● **TASK STATEMENT**
Retype exactly what appears below from the line containing "Armoire de Mariage" down to the line containing "Молодая пара стоит под зонтом на улице", keeping both end lines. Do not include pictures.

● **EXTRACTED DATA**
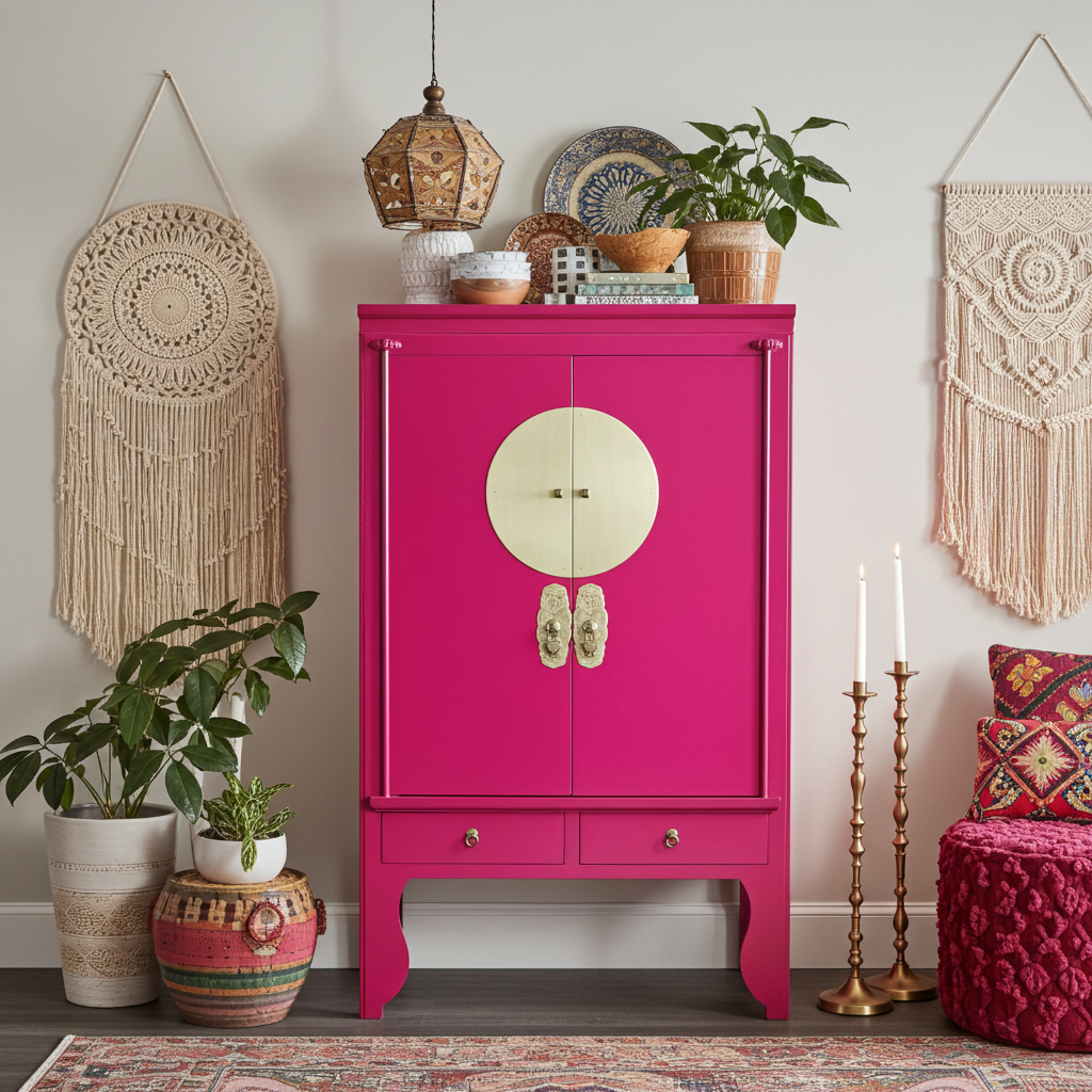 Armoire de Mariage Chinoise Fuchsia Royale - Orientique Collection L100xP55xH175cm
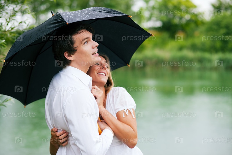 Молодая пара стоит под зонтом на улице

---

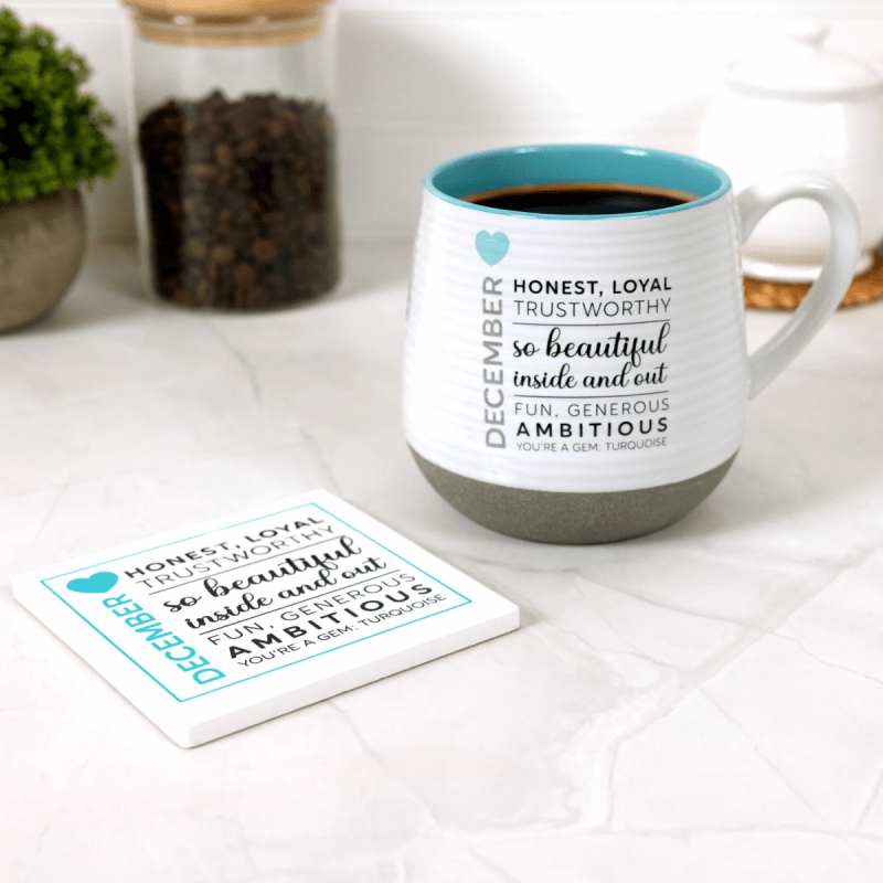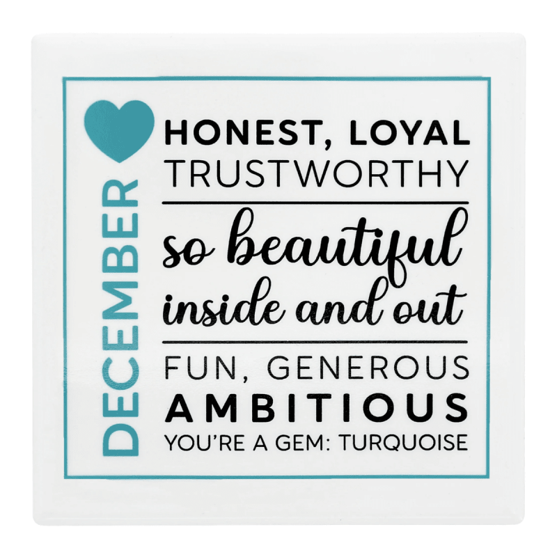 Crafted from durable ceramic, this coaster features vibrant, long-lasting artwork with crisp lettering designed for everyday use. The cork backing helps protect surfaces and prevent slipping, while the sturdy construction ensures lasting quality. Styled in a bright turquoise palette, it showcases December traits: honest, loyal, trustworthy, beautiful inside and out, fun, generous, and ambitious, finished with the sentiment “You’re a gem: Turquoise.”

● **OUTPUT OF THE EXERCISE**
 Armoire de Mariage Chinoise Fuchsia Royale - Orientique Collection L100xP55xH175cm
 Молодая пара стоит под зонтом на улице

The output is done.